WHAT YOU ARE ASKED TO DO -> Please repeat exactly the lines from the one containing "Equilibra Propoli Balsamico" through the last line of the records below, both included, and leave out any pictures.

SUPPLIED DATA START

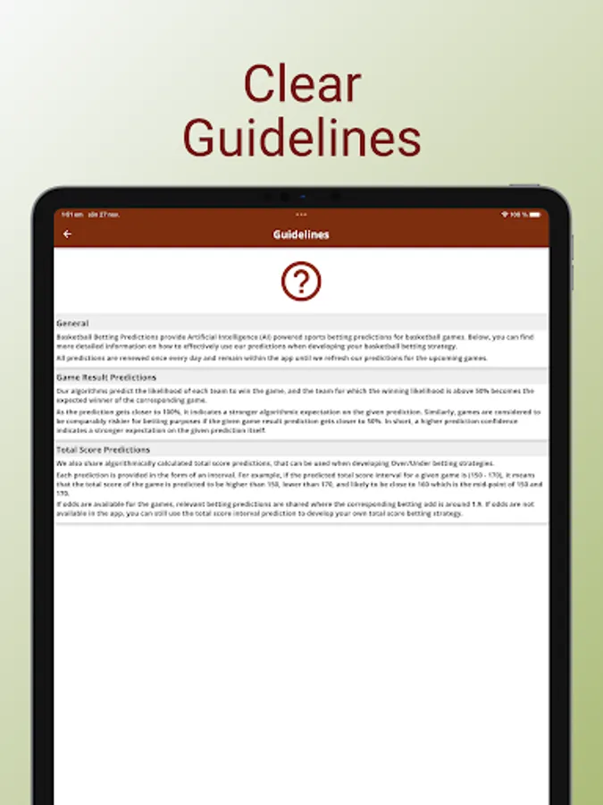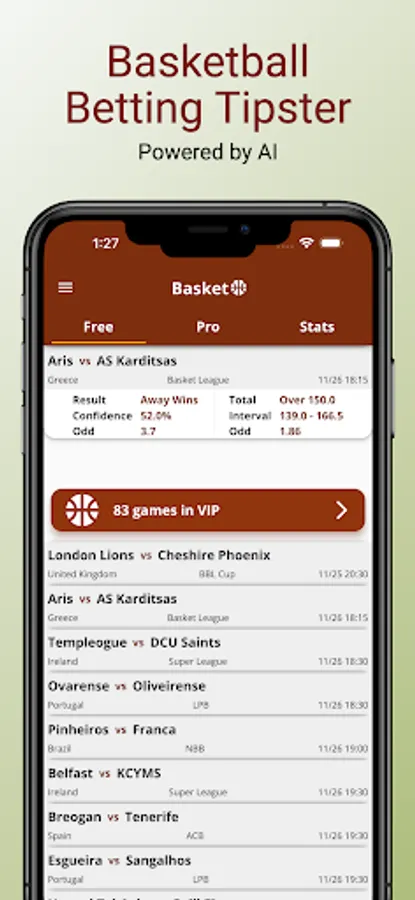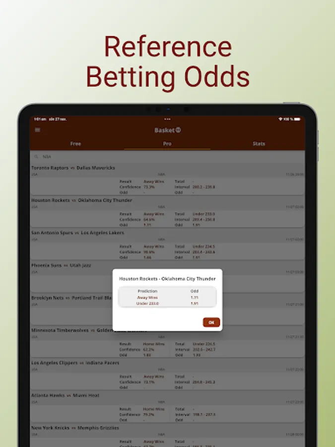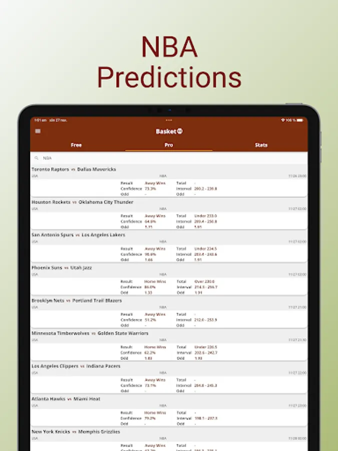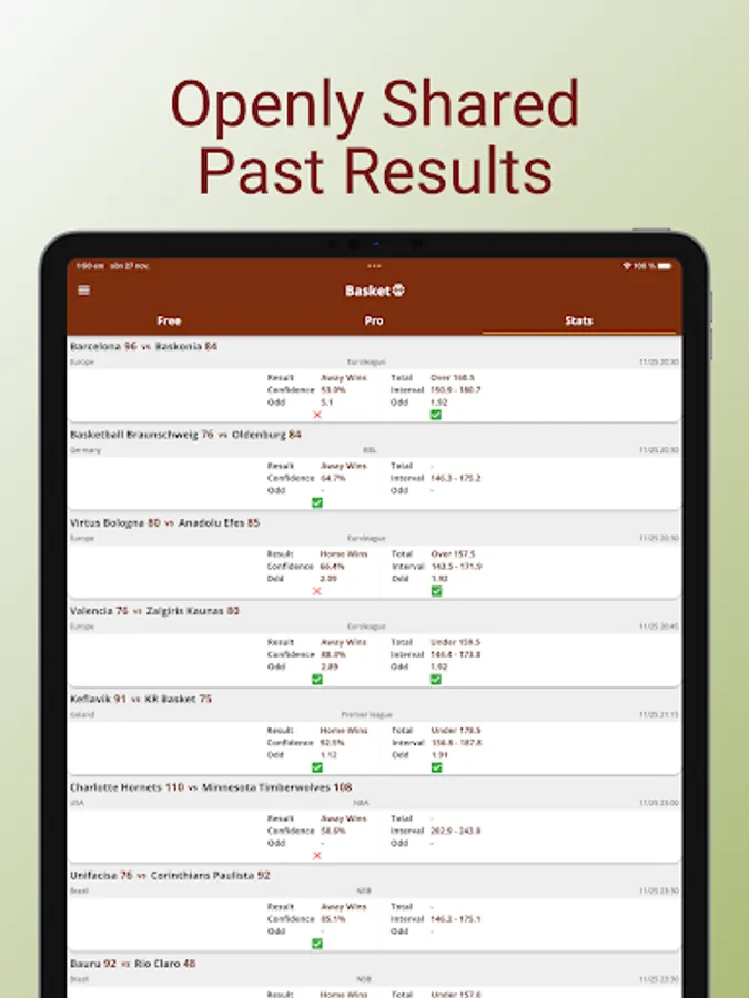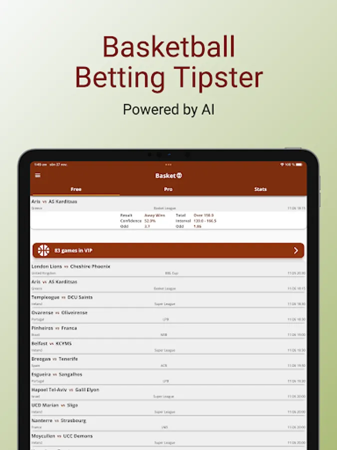 We provide AI powered betting predictions for various basketball tournaments from the globe, including NBA from USA and EuroLeague from Europe. Our algorithms constantly analyze the performance situation of basketball teams and generate predictions for final game results and total score figures for each game. No human interaction is involved in the generation of predictions, and we solely rely on our algorithms. Algorithms work in a way so that predictions are generated consistently, which is not really feasible when predictions are made by humans. Our AI algorithms look at a large number of features when generating predictions and can learn how each feature may affect the result of a basketball game. Predictions are renewed periodically and past prediction results are openly shared in our application. With out app, you don’t need to spend so much time on game and team stats, basketball props, and game highlights. Basketball Betting Tipster automates the performance analysis work for you so that you can focus on thinking how to use the predictions to develop the best basketball betting strategy to beat the bookies. Whenever possible, we even share reference betting odds for each prediction so that you can even consider odds when using the predictions when developing your basketball betting strategy.
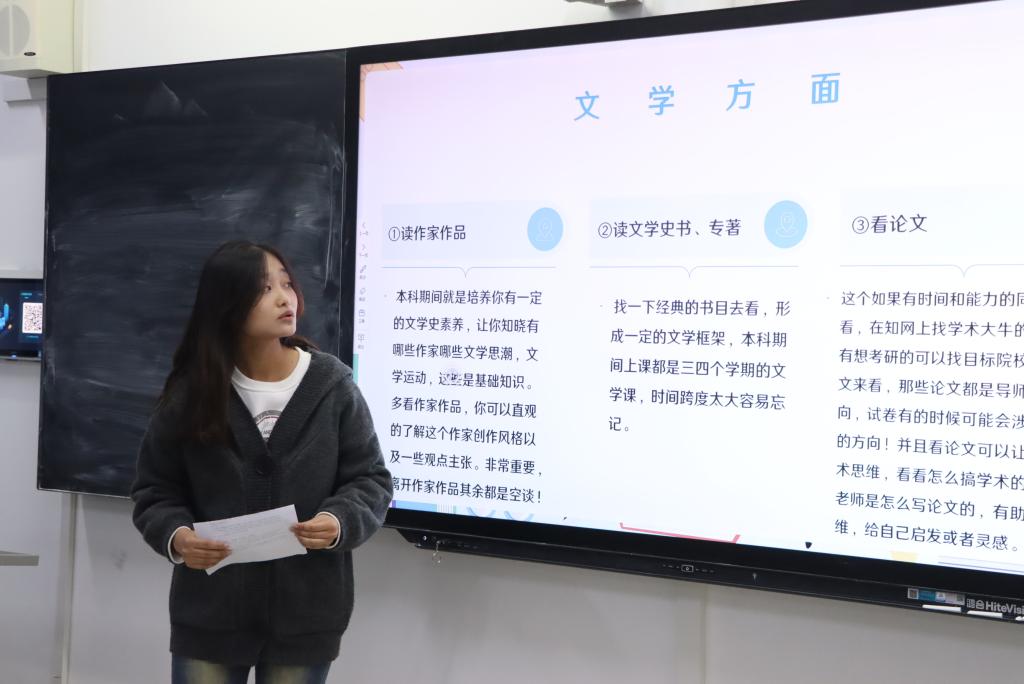 赵娅琪结合个人经历,从创新创业能力、社会工作、荣誉表彰、学院自主、民主评议、附加分等方面向同学们阐述综合素质测评及其重要性,勉励同学们注重培养创新意识和实践能力;王瑞从学习经验和综合素质测评方面入手,结合自己的学习经验,向同学们提出了构建思维导图的方法,同时提出实践操作及阅读作家作品的重要性,积极与老师沟通和交流;赵苹翰分享了自己在学习和生活中遇到问题并解决问题的经历,鼓励同学们要积极参与校园活动,拓展自己的视野,增强人际交往的能力;田欣茹详细介绍了自己的学习方法,强调了合理规划时间,积极主动学习以及善于总结归纳的重要性。
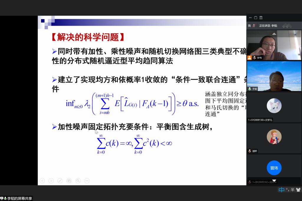 2020年11月26日下午,华东师范大学、上海市东方学者特聘教授,国家自然科学基金优秀青年基金获得者,2017年长江学者李韬教授受邀为yl88858永利集团师生带来了一场题为“Distributed cooperative estimation and control in uncertain communication environment”的学术报告。报告由yl88858永利集团统计与运筹系系主任罗雪副教授主持。
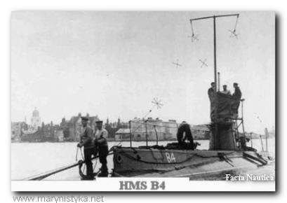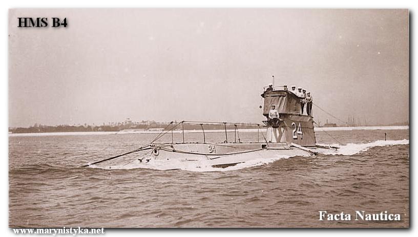 Brytyjski okręt podwodny HMS B4 The British submarine HMS B4. Launched: 14 November 1905. Completed: 28 January 1906. Sold for scrap: April 1919.
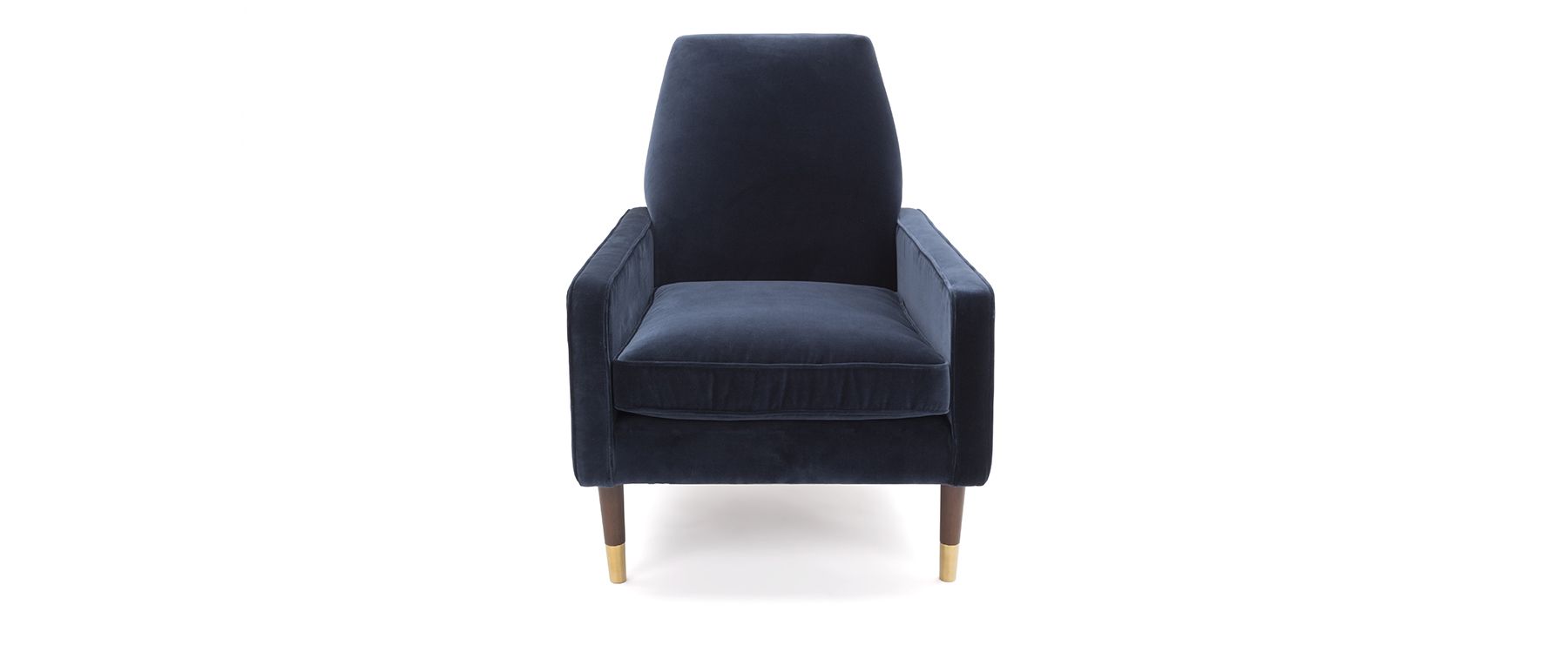 Please write a reviewHow did you feel about your recent purchase? We'd love to hear your thoughts and share them with others!Mid-Century InfluenceThe gorgeous Whiskey Occasional Chair completes any home whether in the entryway, lounge or bedroom. Inspired by mid century design, the Whiskey makes a striking yet chic impression with its high back, bold silhouette and genuine high grade velvet upholstery in a decadent navy hue. Perched upon espresso stained legs with brass accents, this piece oozes luxury. High density foam seat and backrest insures that the Whiskey is as comfortable as it is beautiful.Product Information
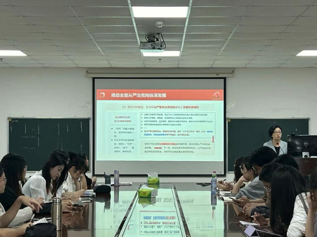 (通讯员 冯定琴 摄影 徐佳悦)为深入学习贯彻习近平新时代中国特色社会主义思想,推动党纪学习教育走深走实,4月29日下午,vwin德赢AC米兰官网在文科楼1104室举行党纪学习教育专题党课。学院党委书记刘小燕为全院学生党员、入党积极分子授课。
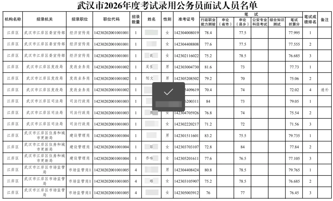 2026年(武汉市)考试录用公务员面试人员名单.pdf
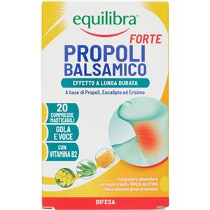 Equilibra Propoli Balsamico Forte - Compresse Masticabili per Mal di Gola con Propoli, Eucalipto e Vitamina B2, Senza Glutine e Lattosio
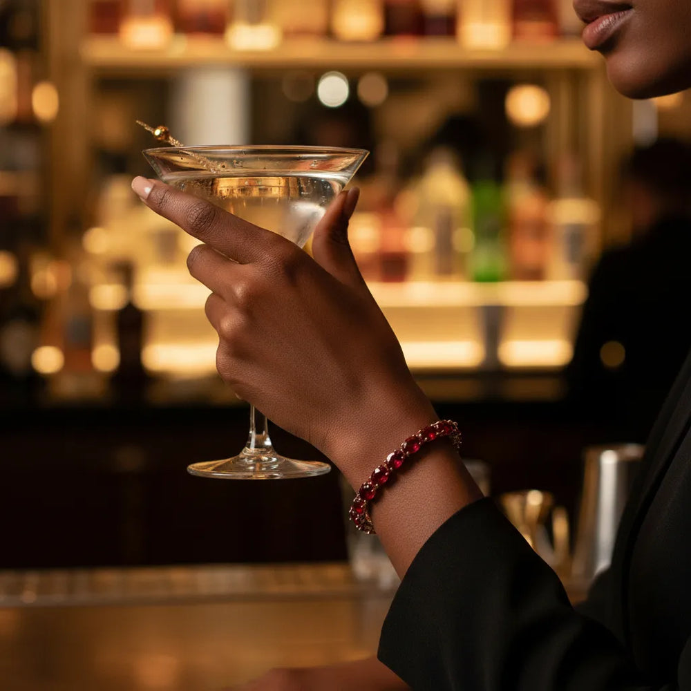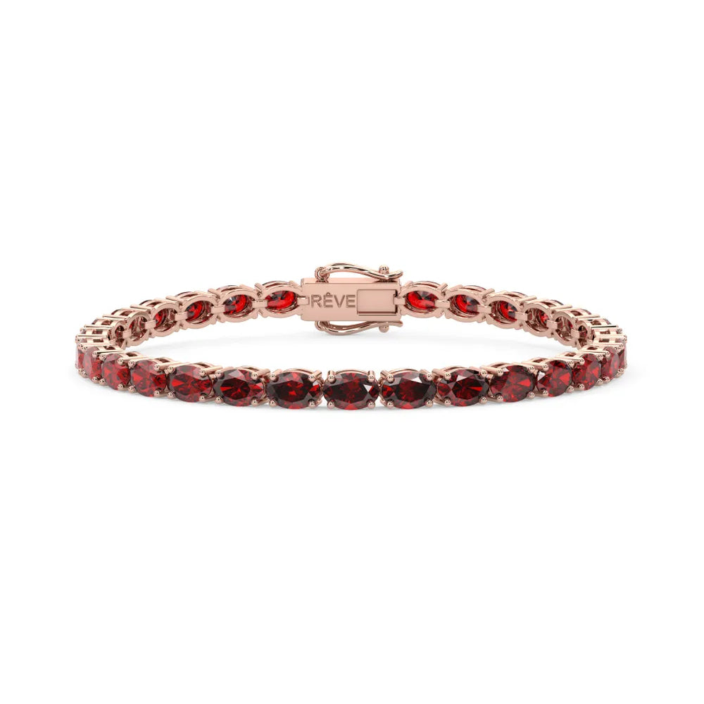 Ein faszinierendes Tennisarmband mit seltenen Taubenblutrubinen, die Leidenschaft, Kraft und Mut symbolisieren. Jeder oval geschliffene, im Labor gezüchtete Rubin strahlt intensives Purpurrot aus und verkörpert Stärke und furchtlose Entschlossenheit.
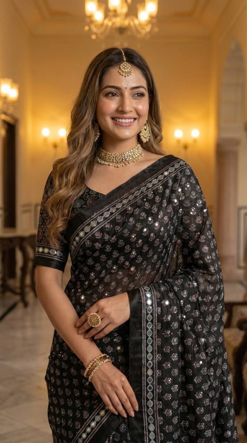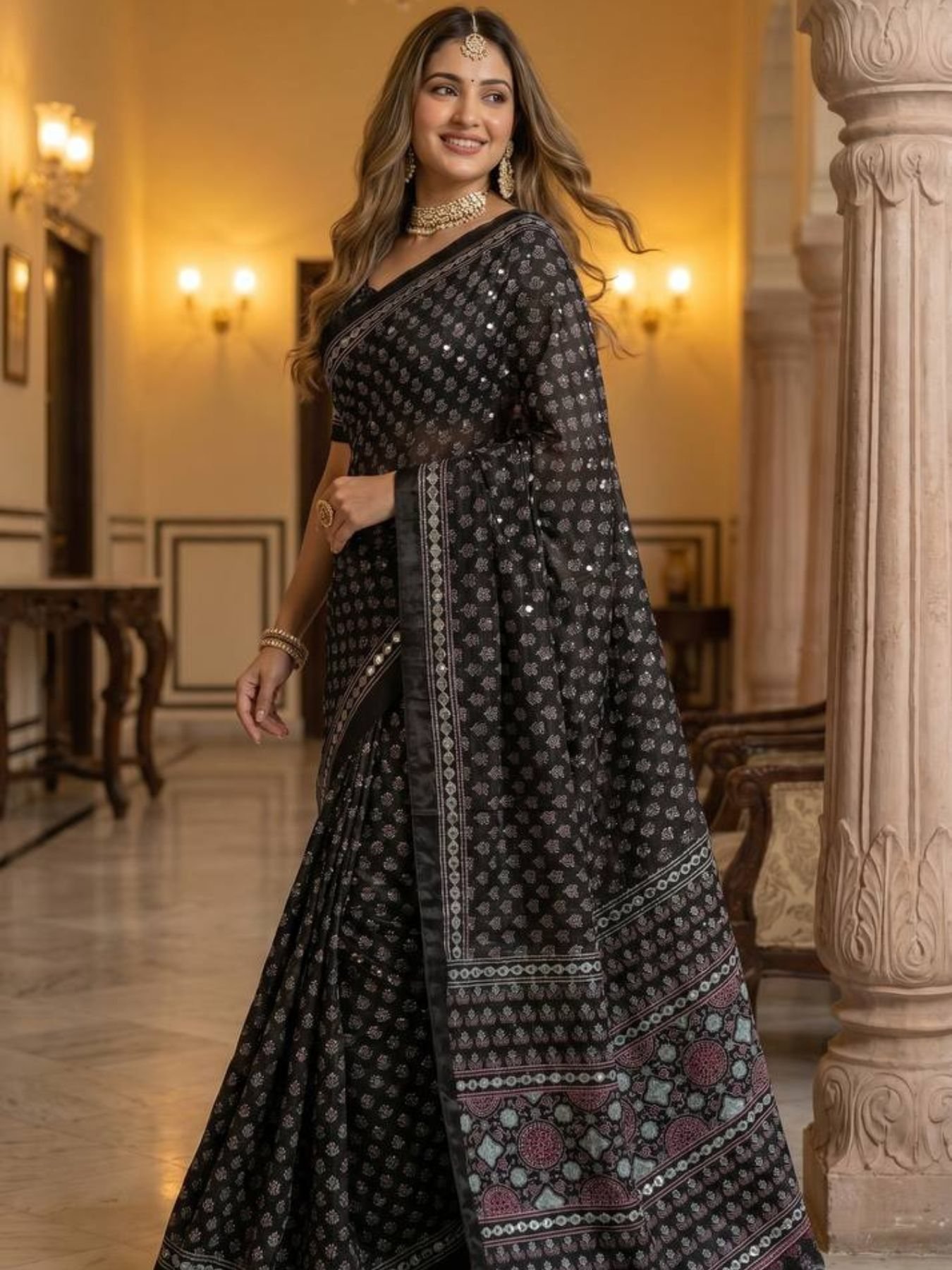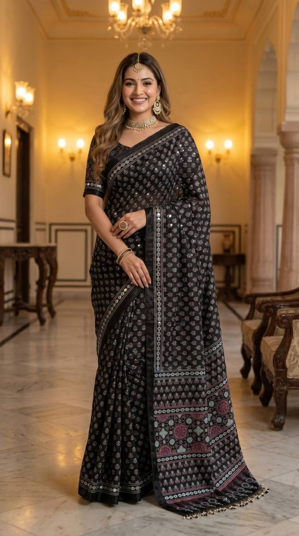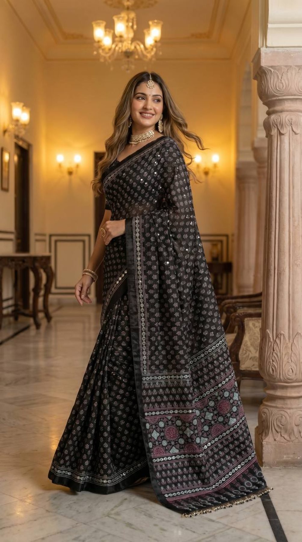 Bold Black Soft Satin Saree with Ajrakh Print and Matching Blouse

SUPPLIED DATA END

OUTPUT OF THE EXERCISE ->
 Equilibra Propoli Balsamico Forte - Compresse Masticabili per Mal di Gola con Propoli, Eucalipto e Vitamina B2, Senza Glutine e Lattosio
 Ein faszinierendes Tennisarmband mit seltenen Taubenblutrubinen, die Leidenschaft, Kraft und Mut symbolisieren. Jeder oval geschliffene, im Labor gezüchtete Rubin strahlt intensives Purpurrot aus und verkörpert Stärke und furchtlose Entschlossenheit.
 Bold Black Soft Satin Saree with Ajrakh Print and Matching Blouse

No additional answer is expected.